Roles: What Exactly Am I Doing Here?

Roles: What Exactly Am I Doing Here?

The Transition from Generalizing to Specializing


You know how that goes, right? As an entrepreneur, you started out being everything to every part of your business and maybe you are still in that situation. Depending upon the nature of your business, it is next to impossible to define roles in the start up years; there are a lot of roles needing to be filled, but not enough work in each of them to create a steady job. If this continues into the growth years, it is a recipe for malfunction.

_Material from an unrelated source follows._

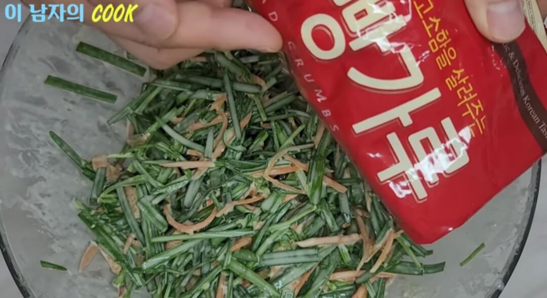빵가루와 부추전 반죽을 1:2 비율로 섞어 주세요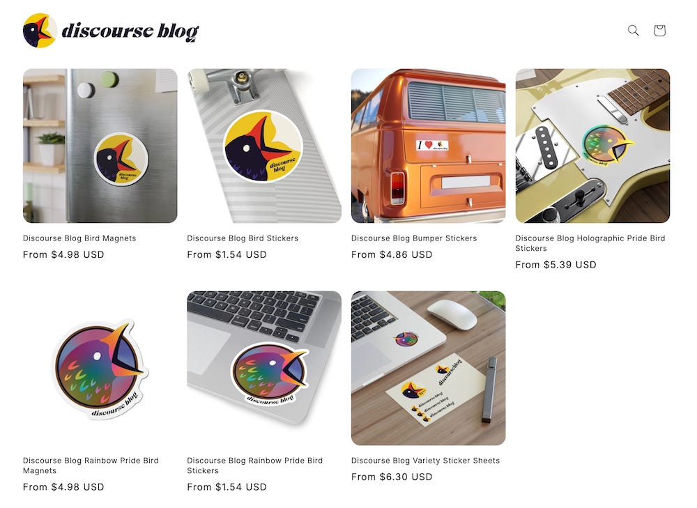 And that’s not all. We have stickers of our regular bird logo, and magnets, and bumper stickers, and even more stuff.

Perhaps you were fortunate to hire an entrepreneur in employee clothing who could troubleshoot, fill many shoes, identify opportunities and who could figure out a way to get it all done. As time goes on, allowing this sense of ownership with no evolution to a clear path, that kind of employee will either burn out or leave for new opportunities, especially if new hires are also vague about how they fit in. It becomes a competition that no one can win.


You need a plan.


If you find yourself in this kind of situation, where people are stepping on each other’s toes and there is no defined sense of responsibility, it’s time to get clear on the roles within your business. The best place to start is having a chat with your start up allstars, if they happen to still be around. They were a huge part in getting your business up and running and by now they know where they want to focus. They will also have a good idea of where the newer hires will be the best fit. Having a number of people in general roles can make it difficult for you to pinpoint the areas where they can shine.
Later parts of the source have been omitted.